--- GIVEN RECORDS ---
==================================================
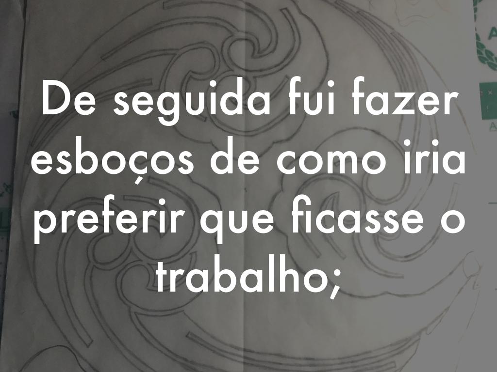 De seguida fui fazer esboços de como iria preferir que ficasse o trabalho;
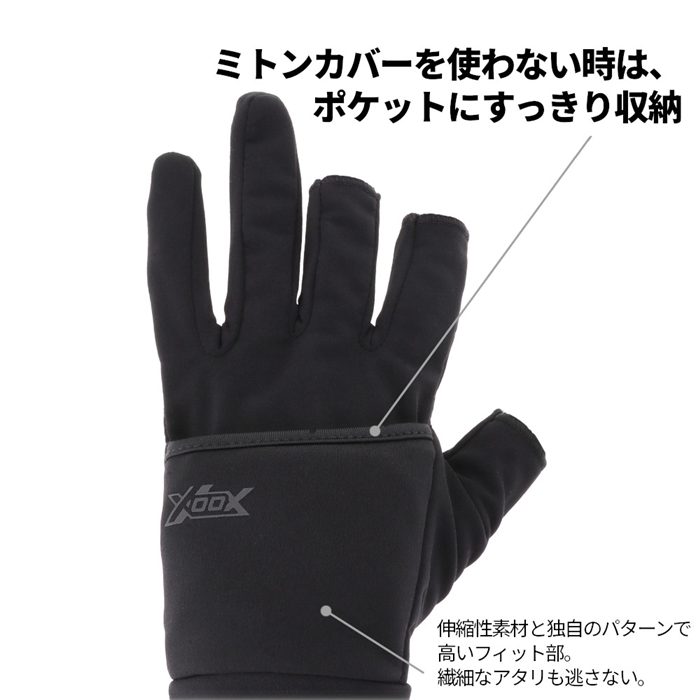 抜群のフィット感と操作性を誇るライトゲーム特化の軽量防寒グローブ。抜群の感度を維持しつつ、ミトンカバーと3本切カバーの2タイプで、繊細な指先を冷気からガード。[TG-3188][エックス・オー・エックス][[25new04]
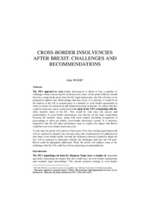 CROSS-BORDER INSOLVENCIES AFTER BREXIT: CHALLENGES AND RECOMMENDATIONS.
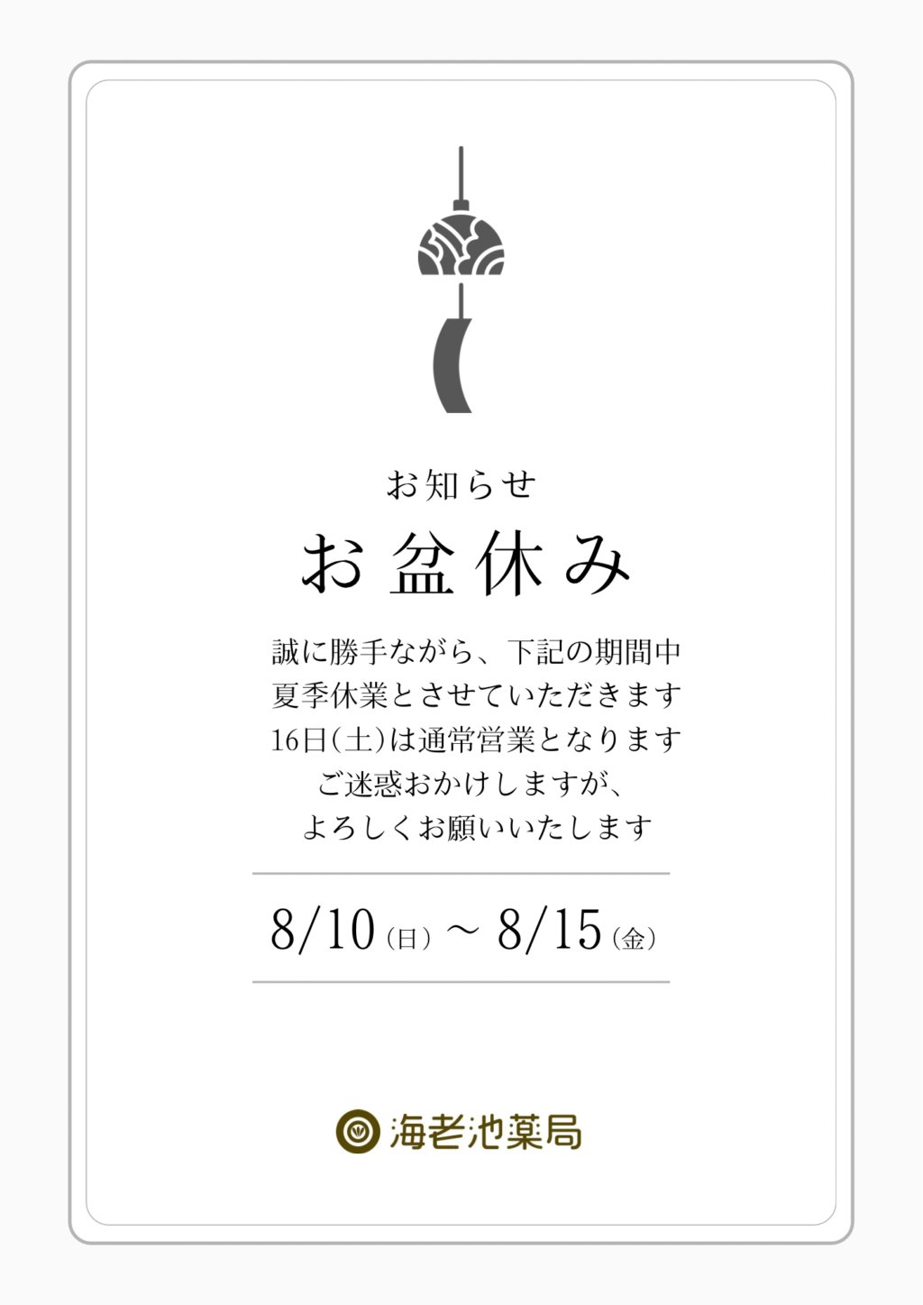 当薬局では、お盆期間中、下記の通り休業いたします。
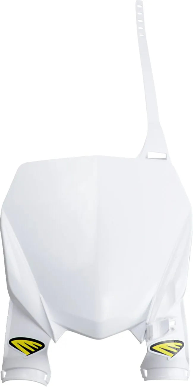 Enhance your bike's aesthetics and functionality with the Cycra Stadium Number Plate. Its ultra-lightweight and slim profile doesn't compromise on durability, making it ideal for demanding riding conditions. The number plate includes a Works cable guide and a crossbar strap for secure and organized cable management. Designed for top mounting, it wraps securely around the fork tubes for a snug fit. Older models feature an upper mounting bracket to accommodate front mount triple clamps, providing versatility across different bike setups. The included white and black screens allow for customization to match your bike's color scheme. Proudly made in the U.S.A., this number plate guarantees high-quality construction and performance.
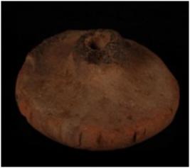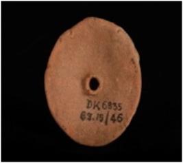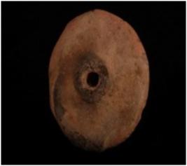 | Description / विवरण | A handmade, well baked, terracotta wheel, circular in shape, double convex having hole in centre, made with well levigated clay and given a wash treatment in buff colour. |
==================================================
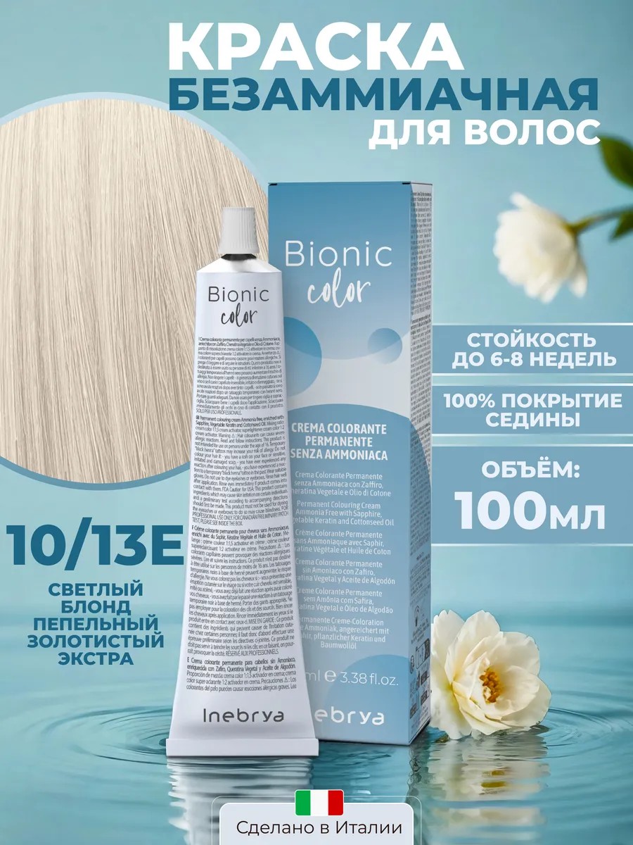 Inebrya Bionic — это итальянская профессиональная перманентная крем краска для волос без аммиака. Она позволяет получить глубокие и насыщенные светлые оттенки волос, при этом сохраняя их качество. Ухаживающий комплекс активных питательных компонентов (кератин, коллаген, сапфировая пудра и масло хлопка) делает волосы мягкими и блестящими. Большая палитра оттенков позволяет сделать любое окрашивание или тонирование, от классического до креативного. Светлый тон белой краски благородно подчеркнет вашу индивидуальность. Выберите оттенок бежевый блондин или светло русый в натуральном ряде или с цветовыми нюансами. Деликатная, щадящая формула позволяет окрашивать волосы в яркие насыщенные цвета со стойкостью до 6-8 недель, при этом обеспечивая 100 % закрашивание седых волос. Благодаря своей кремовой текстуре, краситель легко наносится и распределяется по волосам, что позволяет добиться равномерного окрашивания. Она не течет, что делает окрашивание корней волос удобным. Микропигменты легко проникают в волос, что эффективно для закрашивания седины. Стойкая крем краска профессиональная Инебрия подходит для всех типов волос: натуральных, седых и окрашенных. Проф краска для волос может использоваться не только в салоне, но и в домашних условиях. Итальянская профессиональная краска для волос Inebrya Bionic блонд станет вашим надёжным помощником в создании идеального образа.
==================================================
--- REQUIRED ACTION ---
Produce an exact reproduction of the listing above, limited to the lines starting at the line with "De seguida fui" and ending at the line with "当薬局では、お盆期間中、下記の通り休業いたします。", both kept, with every picture left out.

--- SOLUTION FOR THIS TASK ---
 De seguida fui fazer esboços de como iria preferir que ficasse o trabalho;
 抜群のフィット感と操作性を誇るライトゲーム特化の軽量防寒グローブ。抜群の感度を維持しつつ、ミトンカバーと3本切カバーの2タイプで、繊細な指先を冷気からガード。[TG-3188][エックス・オー・エックス][[25new04]
 CROSS-BORDER INSOLVENCIES AFTER BREXIT: CHALLENGES AND RECOMMENDATIONS.
 当薬局では、お盆期間中、下記の通り休業いたします。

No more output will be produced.